Re: [PATCH 00/29] Speculative page faults (anon vmas only)

From: Michel Lespinasse <michel@lespinasse.org>
To: Michel Lespinasse <michel@lespinasse.org>
Cc: Linux-MM <linux-mm@kvack.org>,
	Linux-Kernel <linux-kernel@vger.kernel.org>,
	Laurent Dufour <ldufour@linux.ibm.com>,
	Peter Zijlstra <peterz@infradead.org>,
	Michal Hocko <mhocko@suse.com>,
	Matthew Wilcox <willy@infradead.org>,
	Rik van Riel <riel@surriel.com>,
	Paul McKenney <paulmck@kernel.org>,
	Andrew Morton <akpm@linux-foundation.org>,
	Suren Baghdasaryan <surenb@google.com>,
	Joel Fernandes <joelaf@google.com>,
	Andy Lutomirski <luto@kernel.org>
Subject: Re: [PATCH 00/29] Speculative page faults (anon vmas only)
Date: Fri, 30 Apr 2021 15:46:49 -0700	[thread overview]
Message-ID: <20210430224649.GA29203@lespinasse.org> (raw)
In-Reply-To: <20210430195232.30491-1-michel@lespinasse.org>

On Fri, Apr 30, 2021 at 12:52:01PM -0700, Michel Lespinasse wrote:
> This patchset is my take on speculative page faults (spf).
> It builds on ideas that have been previously proposed by Laurent Dufour,
> Peter Zijlstra and others before. While Laurent's previous proposal
> was rejected around the time of LSF/MM 2019, I am hoping we can revisit
> this now based on what I think is a simpler and more bisectable approach,
> much improved scaling numbers in the anonymous vma case, and the Android
> use case that has since emerged. I will expand on these points towards
> the end of this message.

I want to address a few questions that I think are likely to come up,
about how this patchset relates to others currently being worked on,
and about design points for this patchset (mainly about the
per-mm sequence count).

I- Maple tree

I do not think there is any fundamental conflict between the maple
tree patches currently being considered, and this patchset.
I actually have a (very lightly tested) tree merging the two together,
which was a fairly easy merge. For those interested, I made this
available at my github, as the v5.12-maple-spf branch.
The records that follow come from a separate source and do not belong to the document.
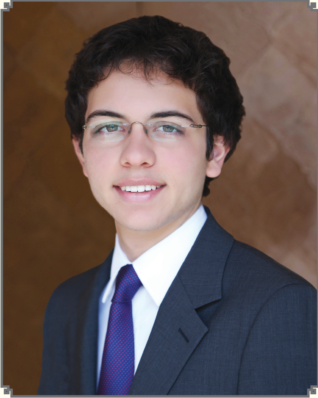
صاحب السمو الملكي الأمير الحسين بن عبد الله الثاني ولي العهد المعظم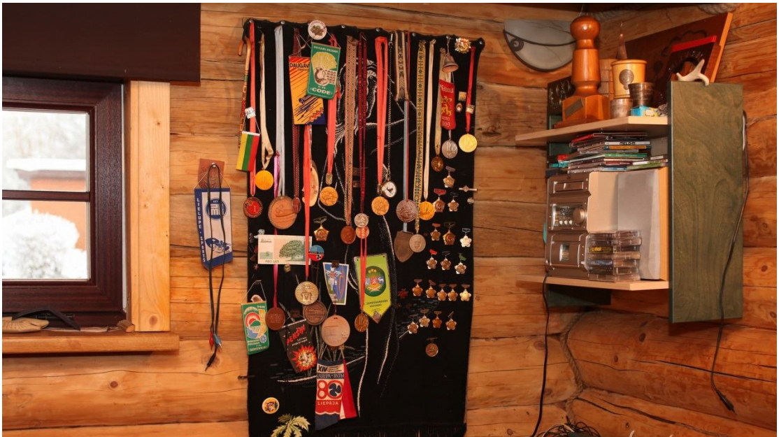
Foto Nr.17 Pirtiņā pie sienas sacensībās izcīnītās Arņa Pūces trofejas.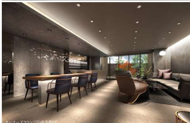
オーナーズラウンジ完成予想CG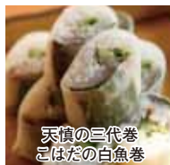
天草の三代巻 こはだの白魚巻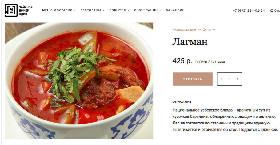
4.7 - رەسىم: موسكۇلا لەغمىنى

بۇ يەردە ئوتتۇرا ئاسىيادىن تاشقىرى جاھانغا تونۇلۇۋاتقان ئۇيغۇر لەغمىنى ھەققىدە تولۇقلاپ ئۆتۈش زۆرۈر بولغىنى ئۇيغۇرلارنىڭ ئۆزلىرى ئەڭ كۆپ ئىستېمال قىلىدىغان «لەغمەن» ناملىق بۇ تامىقىنى ئوتتۇرا ئاسىياغا تونۇشتۇرۇش بىلەنلا چەكلىنىپ قالماستىن يېقىنقى ئون نەچچە يىللاردىن بۇيان ياۋروپا، ئامېرىكا ۋە ئوتتۇرا شەرق ئەللىرىگىمۇ تونۇتۇشقا باشلىغان. ئوتتۇرا ئاسىيا بىلەن رۇسىيەنىڭ سىرتىدا ئۇيغۇر لەغمىنىنى ئۆز ئىچىگە ئالغان ئۇيغۇر تائاملىرىنىڭ تونۇلۇشىدا ئۈرۈمچىدە يېمەك - ئىچمەك تىجارىتى ساھەسىدە مۇۋەپپەقىيەت قازانغان ۋە تەرەققىي قىلىپ ئۇيغۇر ئاپتونوم رايونىنىڭ سىرتىدا دادىل تىجارەت قىلىشنى باشلىغان «ھەرەمباغ» قاتارلىق ئۇيغۇرلار ئىگىلىكىدىكى مۇۋەپپەقىيەت قازانغان چوڭ تىجارىي كارخانىلار ئاساسلىق رول ئوينىغان بولسا، يەنە بىرى ئۇيغۇرلارنىڭ يېقىنقى يىگىرمە يىللاردىن دۇنيانىڭ ھەر قايسى ئەللىرىگە كېلىپ تىجارەت قىلىشى، كۆچمەن بولۇپ ئولتۇراقلىشىشى قاتارلىق تۈرلۈك ئامىللار ھەم مۇھىم رول ئوينىغان.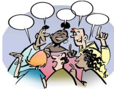
Des ateliers débats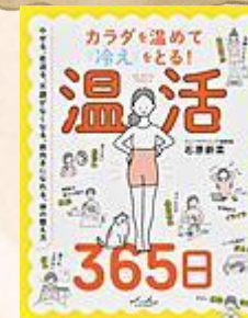
『カラダを温めて冷えを とる! 温活365日』 石原 新菜/著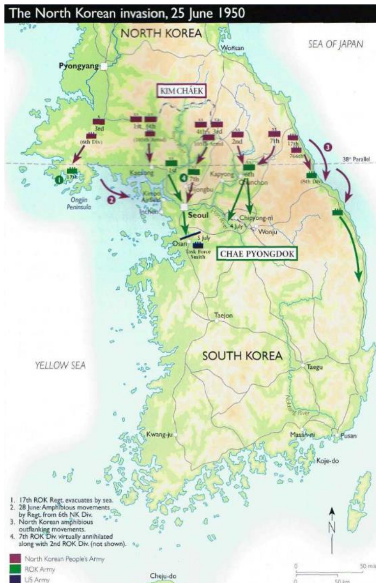
Slika 3. Prvotni napad Sjeverne Koreje, fokusiran na grad Seoul

U prvotnom napadu sudjelovalo je 10 sjevernokorejskih divizija koje su kopnenim putem namjeravali okružiti i uništiti južnokorejsku vojsku, i 1 pukovnija koja je izvršila amfibijski napad u blizini Seoula. 19 Efikasnost sjevernokorejske vojske iznenadila je zapadni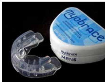
Figura 32. Los Myobrace MB y MBN vienen en siete medidas diferentes.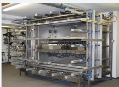
Dažďová komora pre výskum prieniku vody cez detaily stien a striech / Rain chamber for research of penetration of water through details of walls and roofs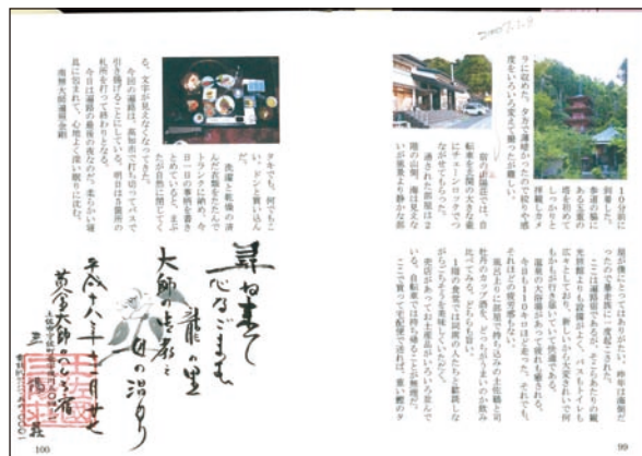
遍路の紀行本（パソコンで製本）

阪神淡路大震災の慰霊碑慰問を7年間、自転車同好会のメンバーで震災記念日に実施今年は有志で東公園から東灘の商船大まで7カ所慰霊碑の慰問をされたとのことでした。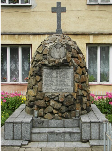
Obelisk ku czci pomordowanych 6 sierpnia 1944 r. w Baligrodzie.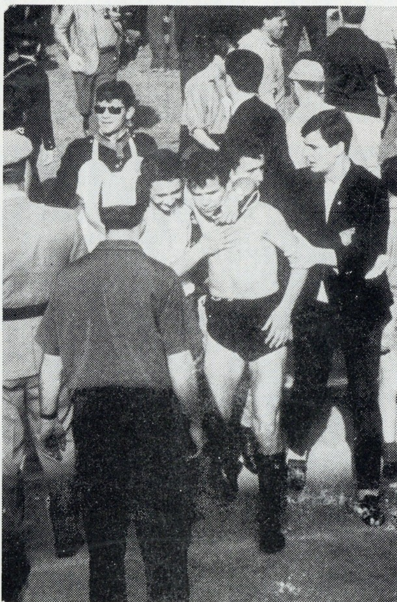
Visivelmente emocionados os jogadores casapianos regressam ao vestiário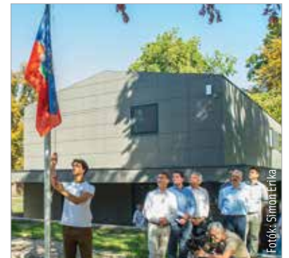
A megnyitót az ünnepélyes kulcsátadással zárult, a zászlófelvonás után pedig a diáktanács tagjai birtokba vehették a tábort

mondta el lapunknak Cser-Palkovics András polgármester. Vargha Tamás a megnyitón saját fiatalkori tábortábori élményeit is felidézte, azt az időszakot, amikor még egészen másfajta táborok voltak a kisházak. Bár a tábortábori élmény ugyanolyan jó volt akkor is, az országgyűlési képviselő szerint a megszépült környezet, a komfort is fontos: „Bízom benne, hogy a fehérvári és a környékbeli gyerekek otthona lesz majd itt nyáron, hiszen fantasztikus dolgok épültek, és gyönyörű a park, a Velencei-tó.”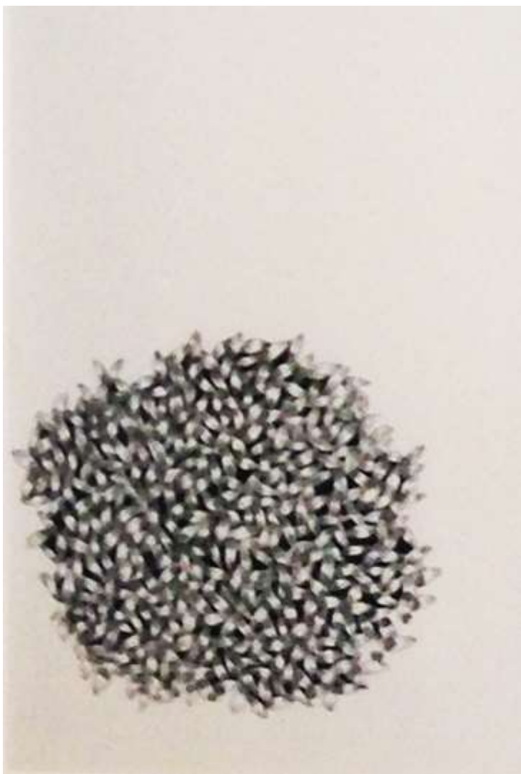
Crayon-feutre sur papier

Né en 1981, elle vit et travaille à Paris.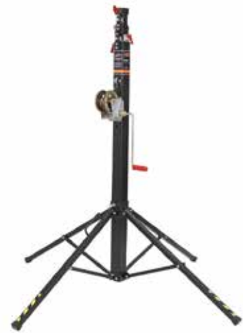
PROFESSIONAL TOWER E STAND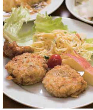
本日のメニューは天津飯にコロッセ、スパゲティサラダ、チキン味噌汁とボリューム満点!

「どうしてこんな大変な活動をしているの?なぜ、続けられるの?」と、いろんな方から聞かれます。その度、答えに困ってしまうのですが、私のもとには、「お腹が空いた。親が帰ってこない」と、子どもたちからのSOSが毎日のように届きます。虐待や育児放棄のせいで飢えや孤独に苦しむ子どもの過酷な現実を知って、「なんで?」と立ち止まっている余裕はありません。私たちができる支援は些細なことかもしれませんが、それでもお腹が満たされることで、非行がひとつ消えるかもしれない…。子どもたちを救う協力の輪を広げるには、子どもの辛い現実と向き合う大人たちの理解と支援が必要です。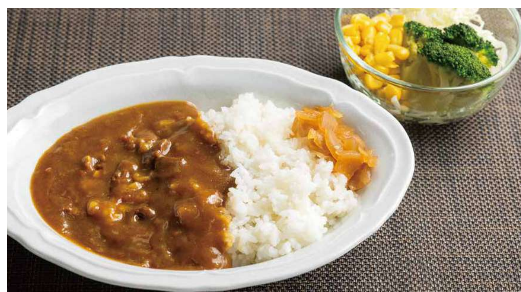
カレーライス 1,000円 (カロリー796kcal/塩分8.7g)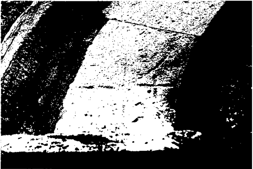
Santa Maria de Lavit. Torrelavit.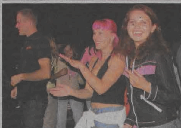
Młodzież bawiła się przy muzyce prezentowanej przez DJ-ów.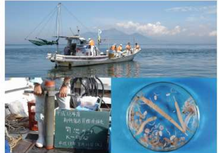
低質の調査状況と採取された生物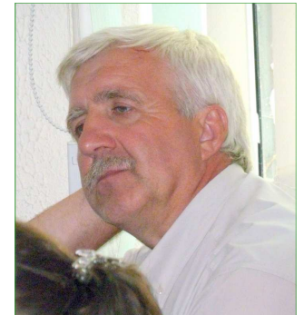
Рыгор Кастусёў слухае Купалу

Кампазітар Мікола Яцкоў у сваім выступленні зрабіў акцэнт на абставінах таго часу, калі каханне паэта трапіла пад чорныя крылы ваеннага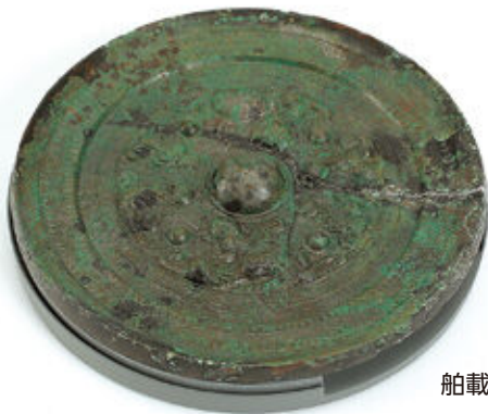
舶載斜縁二神二獣鏡（竪穴式石室出土）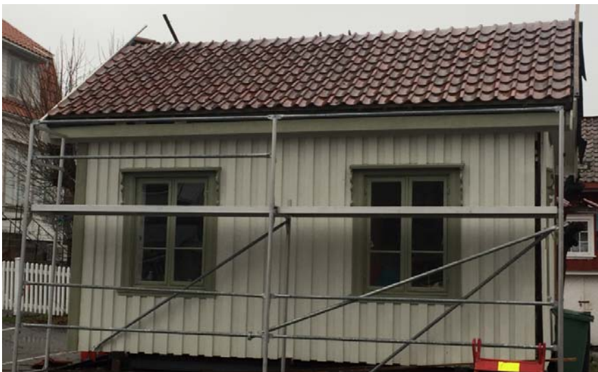
Her er takstein kommet på sørsiden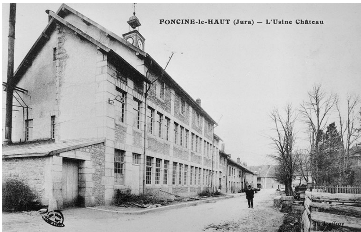
Foncine-le-Haut (Jura) - L'Usine Château.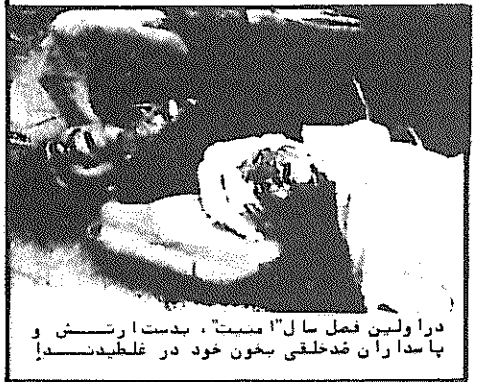
درا اولین فصل سال "منیت" بدست ارتش و پاسداران ضد خلقی بخون خود در غلطیدند!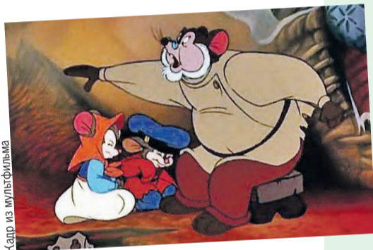
Кадр из мультфильма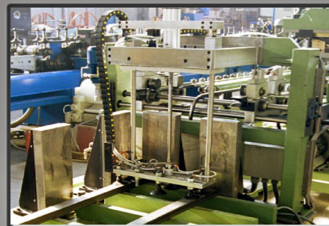
Caricatore a ventosa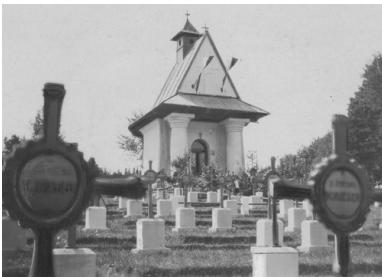
Cmentarz legionistów w Łowczówku na zdjęciu z okresu międzywojennego

Walka Polaków zdobyła uznanie wśród dowódców po obu stronach frontu. Jak podsumowuje Przemysław Waingertner, legioniści przeprowadzili pięć ataków, odparli 16 rosyjskich natarć, utrzymując linię frontu. Wzięli do niewoli 600 carskich żołnierzy. Rosjanie stracili około cztery tysiące zabitych, a niektóre ich oddziały zostały zdziesiątkowane.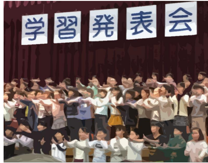
上島小学習発表会にて、4年生のユニバーサルデザインの学習成果を発表（合唱と手話）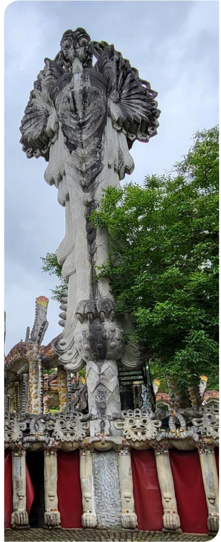
L'imposant Owl Man

Il réalisa également des œuvres pour des commandes comme pour l'« Owl Man » (l'homme-hibou) de la bibliothèque de l'université de Vienne, une sculpture de 19 mètres de hauteur et de 190 tonnes. Une copie est visible dans le parc, mais elle est en polyester pour en réduire le poids.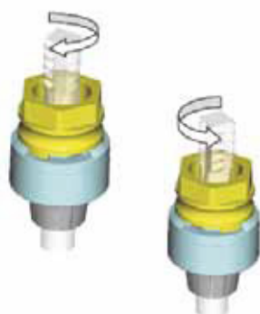
ERM - Zeta зажимная гайка ED - Zeta гайка-переходник

ООО «ТД «СТ-Групп», Россия, 125130, г. Москва, ул. К. Цеткин, д. 12 тел/факс: 8 (495) 363-36-28, www.s-t-group.com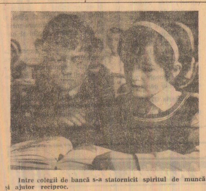
Între colegii de bancă s-a statornicit spiritul de muncă și ajutor reciproc.

de prioritate stabilită, în 15 zile de la afișarea listei, la comitetul executiv al consiliului popular respectiv, care va trebui să rezolve în cel mult 30 zile de la înregistrare. Legea autorizează C.E.C.-ul să acorde credite și pentru constituirea avansului, pe termen de cel mult 5 ani, cît și pentru acoperirea costului integral al locuinței în vederea contractării acesteia, pentru un termen de cel mult 10 ani cazuri în care dobînda anuală este de 8 la sută. În vederea aplicării Legii nr. 4/1973, Consiliul de Miniștri, a emis Hotărîrea nr. 880 din 20 iulie 1973, care prin art. 11 stabilește modul în care va fi percepută dobînda pentru împrumuturile acordate de stat la data încheierii contractului, în raport de salariul tarifar lunar, pensia lunară sau venitul mediu brut lunar: (pînă la 1.500 lei: de la 1.500 — 2.000 lei și peste 2.000 lei se percepe 2 la sută și 3 la sută și, respectiv, 4 la sută anual). În cazul în care suma reprezentînd creditul depășește 50.000 lei, dobînda, indiferent de venitul, este de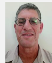
צור שומן מנכ"ל במביפלסט בע"מ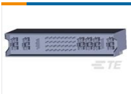
TE 产品编号6450849-7 MBXLE R/A HED 2ACP+1LP+32S+3HDP+1LP+1P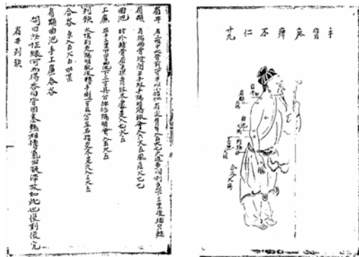
그림 8. 元代针灸集成的明初节录本.

第一, 敦煌卷子『佚名灸方』所录每一灸方下均据明堂文献详注其穴, 特别是该抄本每一灸方下皆附有灸穴图, 颇便于临床取穴。这种特殊的体例对后世的针灸方书的编纂也产生了一定的影响, 例如元代『针灸集成』的明初节录本(见图8), 明代的『针灸捷径』(见图9), 『针灸全书』(见图10)等皆用此例。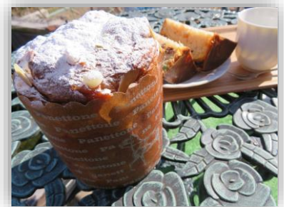
（郡山市産にんじんを使用した ドライフルーツパン）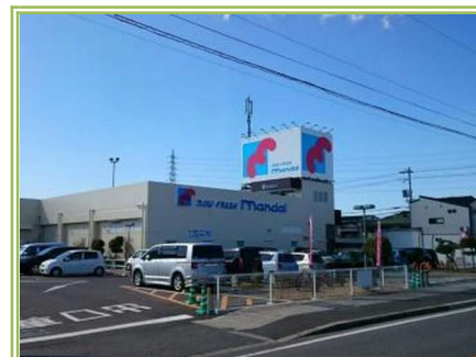
6 万代塚草部店 ... 約800m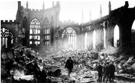
Catedral de Coventry, después del Blitz

El mando alemán explico que el ataque fue en represalia por el que había sufrido Múnich durante el discurso de Hitler.

At the same time, Matthew & Liam have made it known that they would
like to build some lockless fault facilities on top of maple tree,
and even though these ideas have not been implemented yet (AFAIK),
my proposal probably falls short of what they have in mind.
From my point of view, I do not see that as a fundamental conflict
either; my take is that I like to use a more incremental approach and
that the speculative page fault ideas are worth exploring on their own;
they could be further extended in the future with some of the additional
ideas I have heard discussed in association to maple tree.

I am aware of two main areas where my proposal is more limited than
the plans I have heard from Matthew & Liam. Maybe there are more, and
I hope they will correct me of that is the case. But, the ones I know
about would be:

1- VMA lookups. This patchset has mmap writers update a sequence
counter around updates; the speculative fault path uses that counter
to detect concurrent updates when looking up and copying the VMA.
This means lookups might fail if they overlap with a concurrent mmap
writer; the alternative discussed by maple tree proponents would be to
make VMAs immutable and have the writers actually make a new copy when
they want to update. While this might impose some costs on the writers,
it would benefit the fault path in two ways: first, lookups would always
succeed, and second, the fault path wouldn't need to make a VMA copy.
I think this is worth exploring, but can be done as a separate step.

2- Validation at the end of the page fault. After taking the page
table lock but before inserting the new PTE, this patchset verifies
the per-mm sequence counter to validate that no mmap writers ran
concurrently with the fault. As people noted, this is quite
restrictive; page faults may unnecessarily abort due to writers
operating on a separate memory range. This topic is worthy discussion
independently of the maple tree stuff, so I'll get back to it later down.

Matthew & Liam, do you have other extensions in mind which I have not
covered here ?

II- Range locking

Prior to this patchset I had been working on mmap range locking
approaches, in order to allow non-overlapping memory operations to
proceed concurrently. I think this is still an interesting idea,
but the speculative page fault proposal is independent of it
and is more mature so I think it should be submitted first.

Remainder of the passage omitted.